Quick fire answer - Spicy! Love everything spicy. And Boats! Big fan of boats and maritime history. I spent a lot of time in Plymouth dreaming of the age of sail and naval awesomeness. Also without even a second of thought I would say definitely Mexico for a dream vacation. I love the culture, the history. I love the hot food and tequila. I would love to visit the jungles there too and see the Aztec ruins. It seems like such an interesting place, and I would love to catch the Dia de los Muertos festival too.
"Mexico for a dream vacation. I love the culture, the history."
Many writers find success in what I call ‘writing adjacent’ pursuits; you are the co-founder of the Bard of the Isles literary magazine, a publication featuring the short stories, articles, and interviews with the British and Irish Writing Community. What was the inspiration for Bard of the Isles and how has it helped support your writing career?
Myself and two other writers got together on Twitter a few years ago and decided to found The British and Irish Writing Community. It quickly became a space where all the members can interact and mutually support each other, and it grew and grew. We aim to provide encouragement and advice, and also a pool of resources that our members may find useful.
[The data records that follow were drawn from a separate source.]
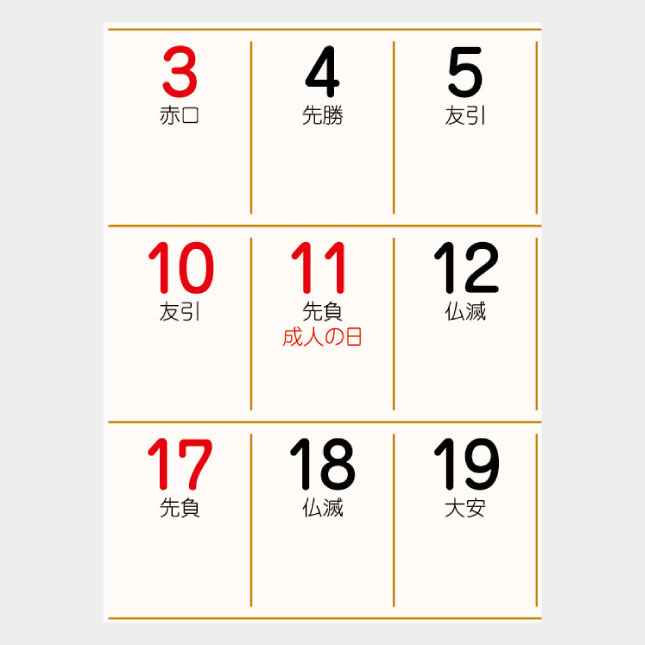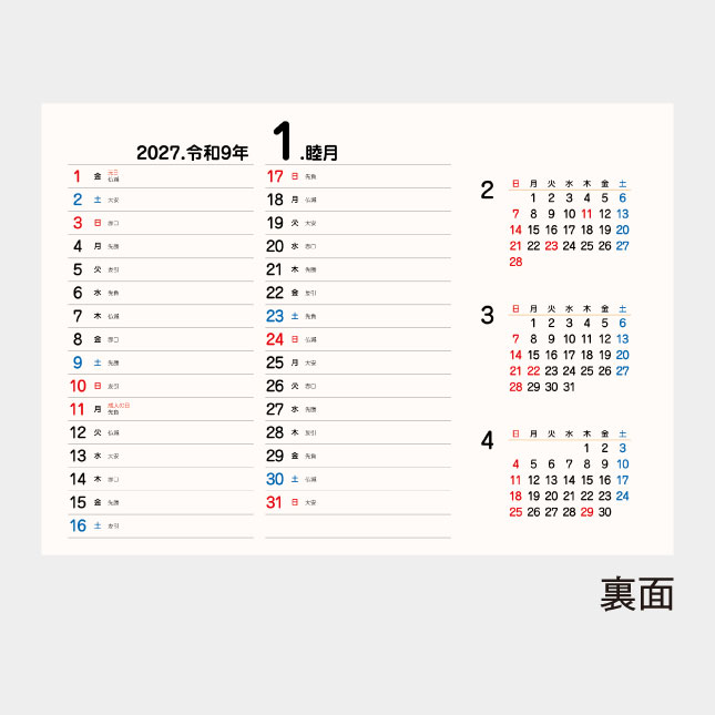 後月のサブカレンダーと六曜を掲載した機能的な仕様です。
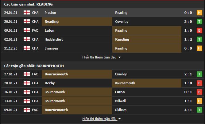 Phong độ gần đây nhất của Reading VS Bournemouth:
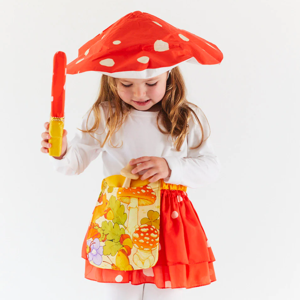 The Mushroom Dagger is a safe and soft accessory for little ones' imaginative play. The foam dagger is covered in luminously textured jacquard silk, in our best selling Rainbow colorway for magical make believe play.
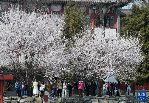 3月16日,游客在北京北海公園拍攝照片。(新華社記者 羅曉光 攝)
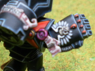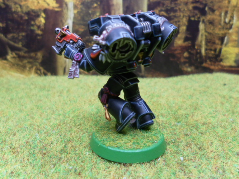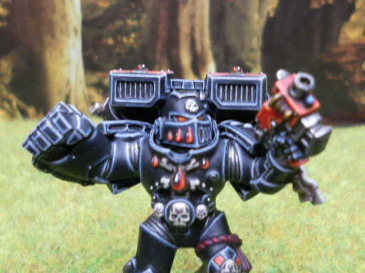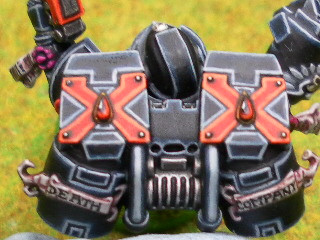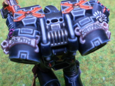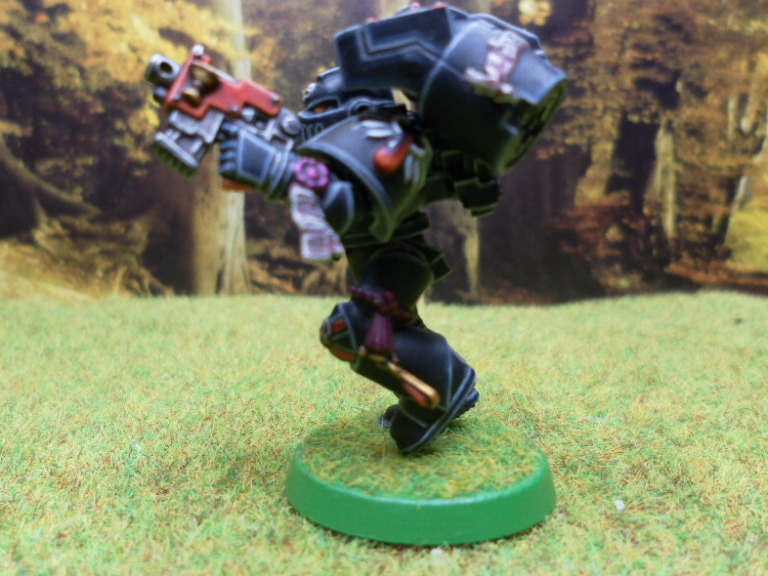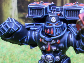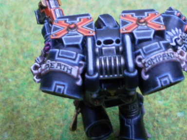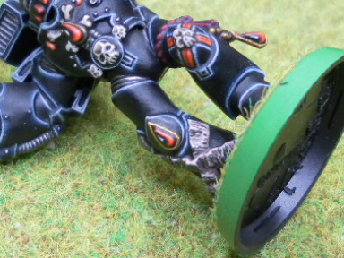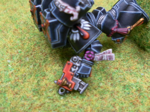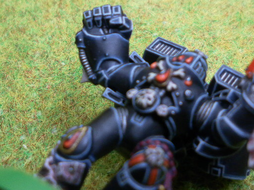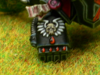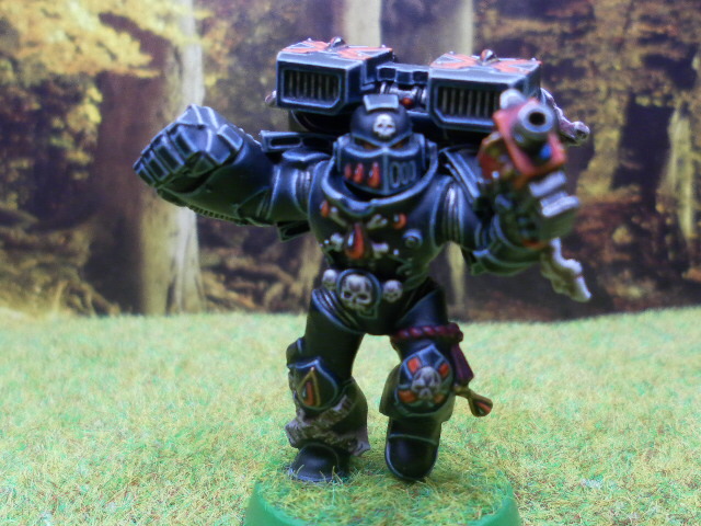really nice and clean paint job. I like to keep my bases simple also but I go for a grey gravel look. Its quick an easy yet is still grim / dark enough. I have a bunch of BA marines with "2nd Ed" style green grass basing... they've all been slowly getting redone, even if it just to add some gravel and a little flocking. How long did you take to paint him? Are you going to do that much detail work on the rest of his squad ?

We then launched Bard of the Isles magazine as a publication to showcase our members and which provides the place to continue that support and provides the writing resources that our community finds useful. It has been a great success and the community is absolutely fantastic. It certainly has provided a boost not just to my own visibility but many of our members, and the shared support continues to be a great motivator to my writing.
You and I both share a passion for music and, more specifically, for playing the guitar. Both of us began in music before moving into fiction and I wonder if this previous experience feeds into your writing. Do you see these two creative pursuits as overlapping subjects or as quite distinct? What can writers learn from musicians?
Guitar is amazing and it’s a huge part of my life, so it’s always a pleasure to chat with a fellow guitar slinger. I work as a professional guitarist for my day job, plus teaching music and working as a sound engineer. There is a definite overlap between my music career and my writing. One example is the character Seth in my latest book, A Ritual of Flesh, who is a musician also. I found my experience in music allowed me to add much more depth and detail into his character, in particular to the scenes where he is performing - and without giving too much away - Seth and his music become quite an important plot-line in the series.
"There is a definite overlap between my music career and my writing. One example is the character Seth in my latest book, A Ritual of Flesh, who is a musician also."
On the actual “craft of writing” side of things it has no doubt been affected by my music also. I have always written poetry in one form or another, and made use of the verse as lyrics in songs. But now that I have been studying the art of poetry in more depth at university, there has definitely been some influence on my verse style, and in turn that has leaked into my prose, hopefully making some of my prose more poetic.
You are also a Historical Martial Arts (HEMA) instructor and specialize in Longsword. Has the resurgence of medieval narratives in the public imagination (I’m thinking particularly Game of Thrones) impacted the sport? What are the major misconceptions new students often bring to the dueling floor? And what do fantasy writers always get wrong about wielding a longsword?
We have certainly seen a surge in people wanting to train in medieval martial arts, I think TV shows such as Game of Thrones and The Witcher have certainly had an impact. It’s funny though, some of the preconceptions people have had when they come down. We had one guy tell us he knew all about fighting and thought he’d be really great because he was an “expert” at playing games like Skyrim, so he would know how to fight already - which certainly gave us a chuckle and suffice to say his preconceptions were misplaced. Another thing we get a lot is the duel wielding longswords questions, which simply is not a “thing”. We do use a primary weapon and an off-hand weapon, for example Tomahawk and Knife, or arming sword and buckler, but not two longswords sadly.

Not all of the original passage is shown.